* _Prompt_
Everything from the line with "3D Car Keys" down to the line with "Food, snacks or" below must be printed exactly, those two lines included. Exclude pictures.
Supplied entries: Begin
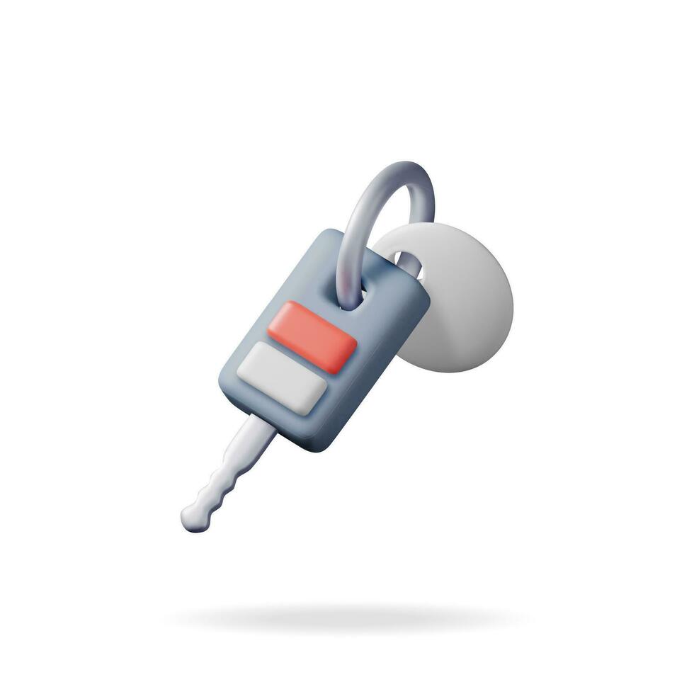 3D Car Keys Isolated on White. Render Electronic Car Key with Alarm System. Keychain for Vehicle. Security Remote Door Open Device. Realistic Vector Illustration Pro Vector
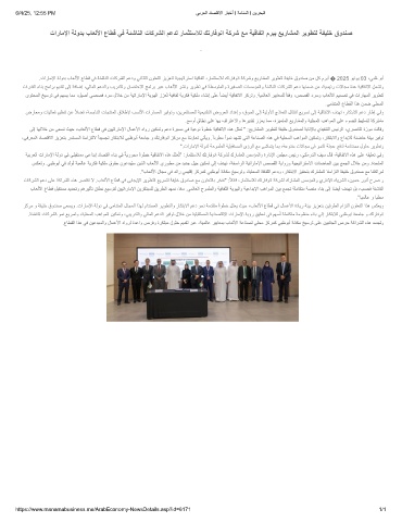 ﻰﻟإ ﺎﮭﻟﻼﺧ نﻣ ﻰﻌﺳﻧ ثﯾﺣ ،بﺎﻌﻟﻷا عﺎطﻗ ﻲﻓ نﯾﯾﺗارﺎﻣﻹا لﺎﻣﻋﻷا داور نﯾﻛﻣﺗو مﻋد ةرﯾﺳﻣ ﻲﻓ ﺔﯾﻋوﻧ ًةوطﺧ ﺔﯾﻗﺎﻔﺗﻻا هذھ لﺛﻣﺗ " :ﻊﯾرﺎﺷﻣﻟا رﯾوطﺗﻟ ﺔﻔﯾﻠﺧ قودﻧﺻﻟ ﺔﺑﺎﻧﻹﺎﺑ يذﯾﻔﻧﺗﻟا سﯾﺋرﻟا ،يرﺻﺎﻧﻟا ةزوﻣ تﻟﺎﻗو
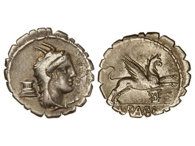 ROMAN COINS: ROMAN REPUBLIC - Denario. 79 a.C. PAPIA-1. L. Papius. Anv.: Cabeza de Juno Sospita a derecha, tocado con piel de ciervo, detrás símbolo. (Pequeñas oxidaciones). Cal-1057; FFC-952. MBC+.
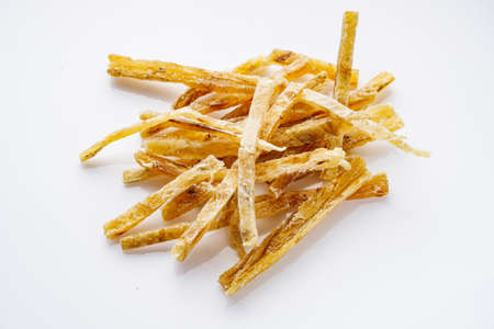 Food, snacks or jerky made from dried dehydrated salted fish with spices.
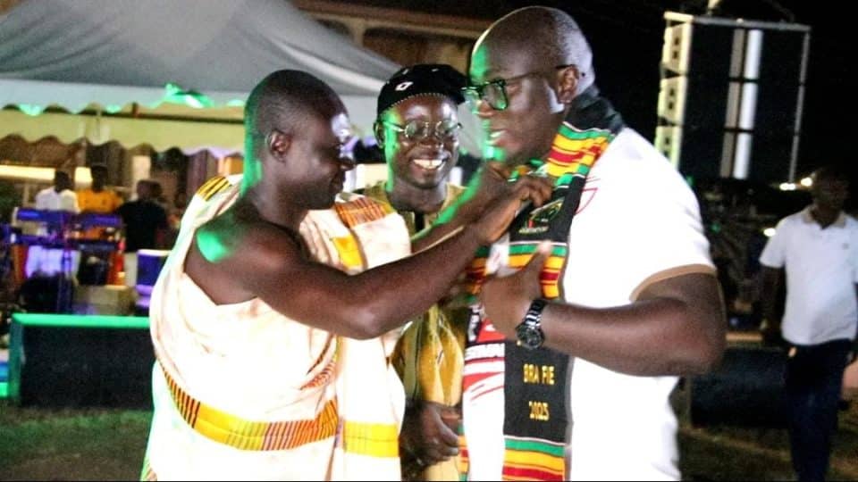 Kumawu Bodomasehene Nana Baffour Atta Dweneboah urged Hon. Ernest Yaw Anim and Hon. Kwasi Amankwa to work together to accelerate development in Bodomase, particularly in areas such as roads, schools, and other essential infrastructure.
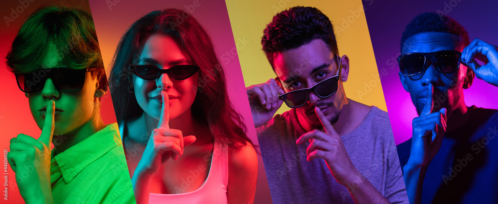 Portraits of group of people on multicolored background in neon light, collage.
Supplied entries: End
Supplied entries: Begin
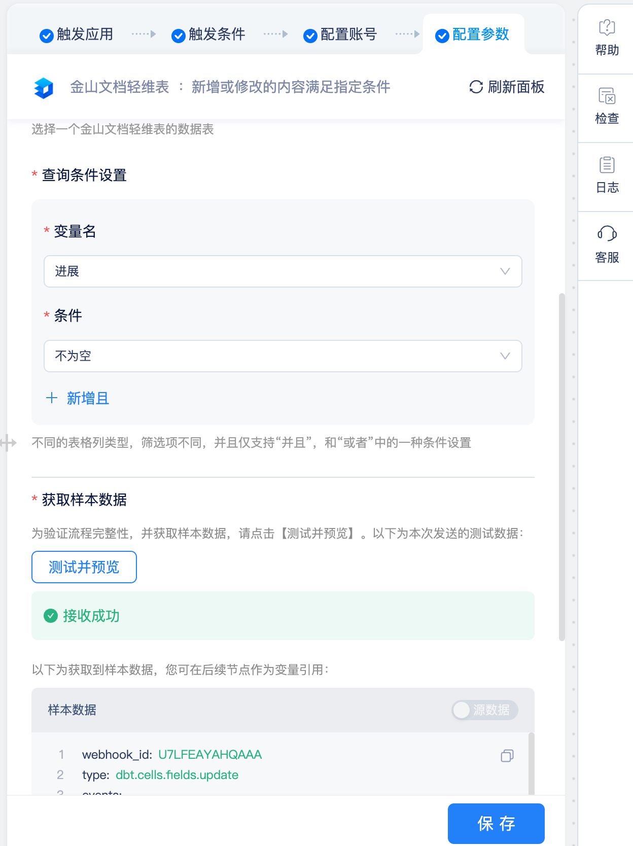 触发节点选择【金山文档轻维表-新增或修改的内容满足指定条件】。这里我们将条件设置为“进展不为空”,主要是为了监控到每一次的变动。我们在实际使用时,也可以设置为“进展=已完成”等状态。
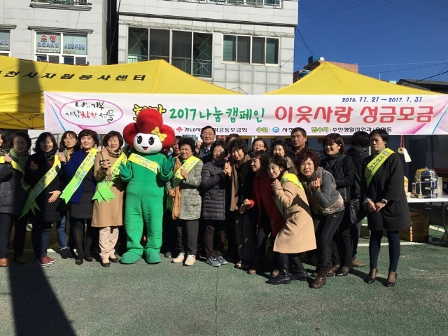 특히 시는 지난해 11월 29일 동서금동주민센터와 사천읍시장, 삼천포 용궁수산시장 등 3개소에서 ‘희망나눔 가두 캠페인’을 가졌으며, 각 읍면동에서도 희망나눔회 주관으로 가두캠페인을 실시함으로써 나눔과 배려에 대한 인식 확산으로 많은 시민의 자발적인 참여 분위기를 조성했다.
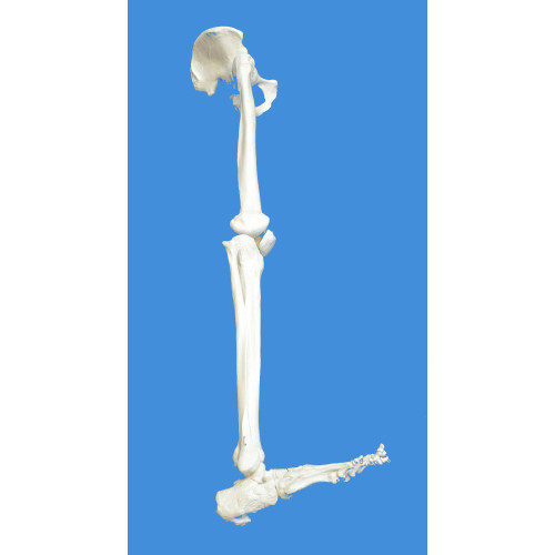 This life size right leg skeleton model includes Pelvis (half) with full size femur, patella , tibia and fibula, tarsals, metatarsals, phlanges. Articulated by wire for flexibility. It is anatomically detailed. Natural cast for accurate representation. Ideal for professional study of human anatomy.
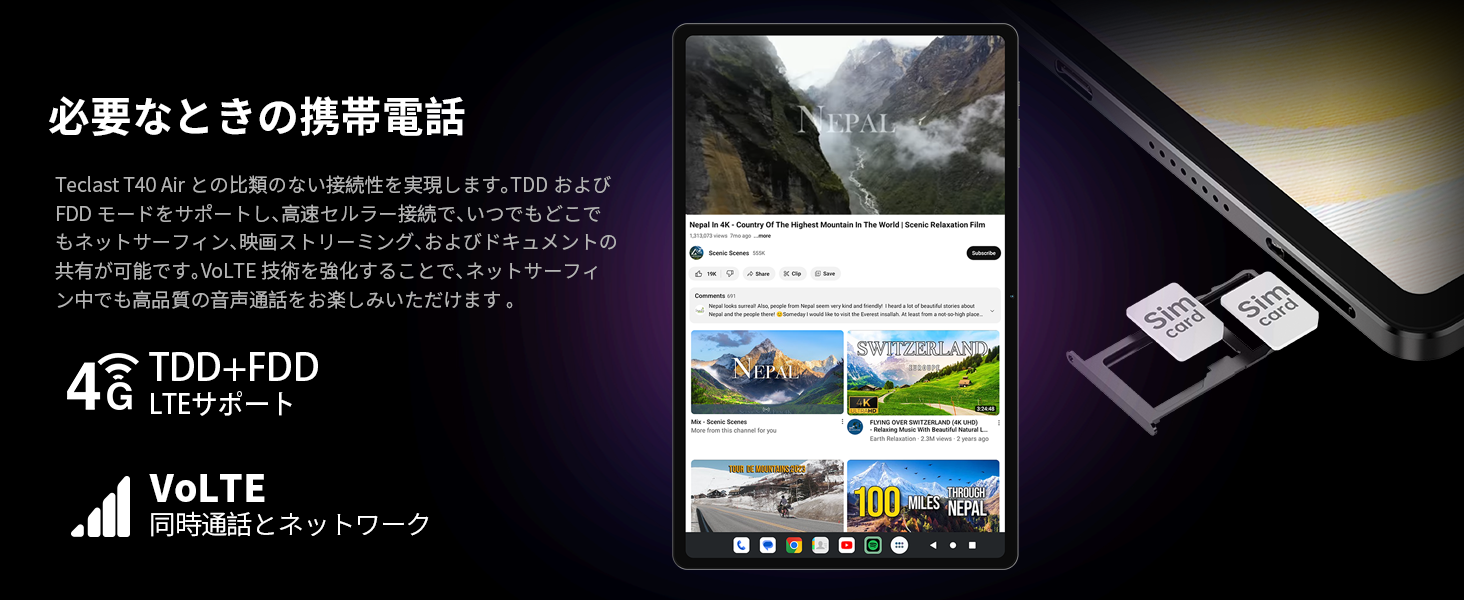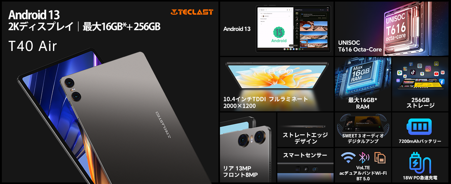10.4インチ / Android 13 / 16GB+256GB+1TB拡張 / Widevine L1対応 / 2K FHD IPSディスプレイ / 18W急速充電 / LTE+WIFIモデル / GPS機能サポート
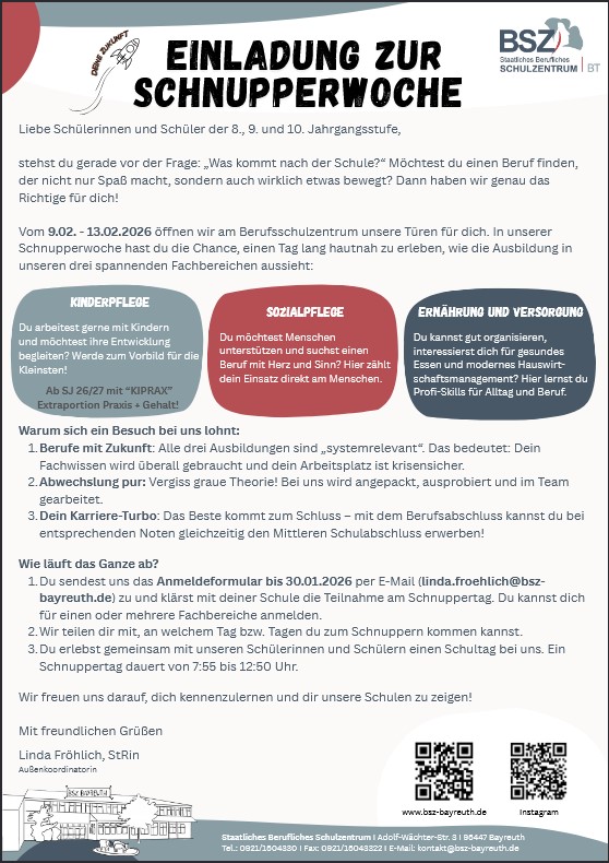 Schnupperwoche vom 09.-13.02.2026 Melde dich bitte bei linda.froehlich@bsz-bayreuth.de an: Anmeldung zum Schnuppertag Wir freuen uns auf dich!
Supplied entries: End
* _Solution to this task_
 3D Car Keys Isolated on White. Render Electronic Car Key with Alarm System. Keychain for Vehicle. Security Remote Door Open Device. Realistic Vector Illustration Pro Vector
 ﻰﻟإ ﺎﮭﻟﻼﺧ نﻣ ﻰﻌﺳﻧ ثﯾﺣ ،بﺎﻌﻟﻷا عﺎطﻗ ﻲﻓ نﯾﯾﺗارﺎﻣﻹا لﺎﻣﻋﻷا داور نﯾﻛﻣﺗو مﻋد ةرﯾﺳﻣ ﻲﻓ ﺔﯾﻋوﻧ ًةوطﺧ ﺔﯾﻗﺎﻔﺗﻻا هذھ لﺛﻣﺗ " :ﻊﯾرﺎﺷﻣﻟا رﯾوطﺗﻟ ﺔﻔﯾﻠﺧ قودﻧﺻﻟ ﺔﺑﺎﻧﻹﺎﺑ يذﯾﻔﻧﺗﻟا سﯾﺋرﻟا ،يرﺻﺎﻧﻟا ةزوﻣ تﻟﺎﻗو
 ROMAN COINS: ROMAN REPUBLIC - Denario. 79 a.C. PAPIA-1. L. Papius. Anv.: Cabeza de Juno Sospita a derecha, tocado con piel de ciervo, detrás símbolo. (Pequeñas oxidaciones). Cal-1057; FFC-952. MBC+.
 Food, snacks or jerky made from dried dehydrated salted fish with spices.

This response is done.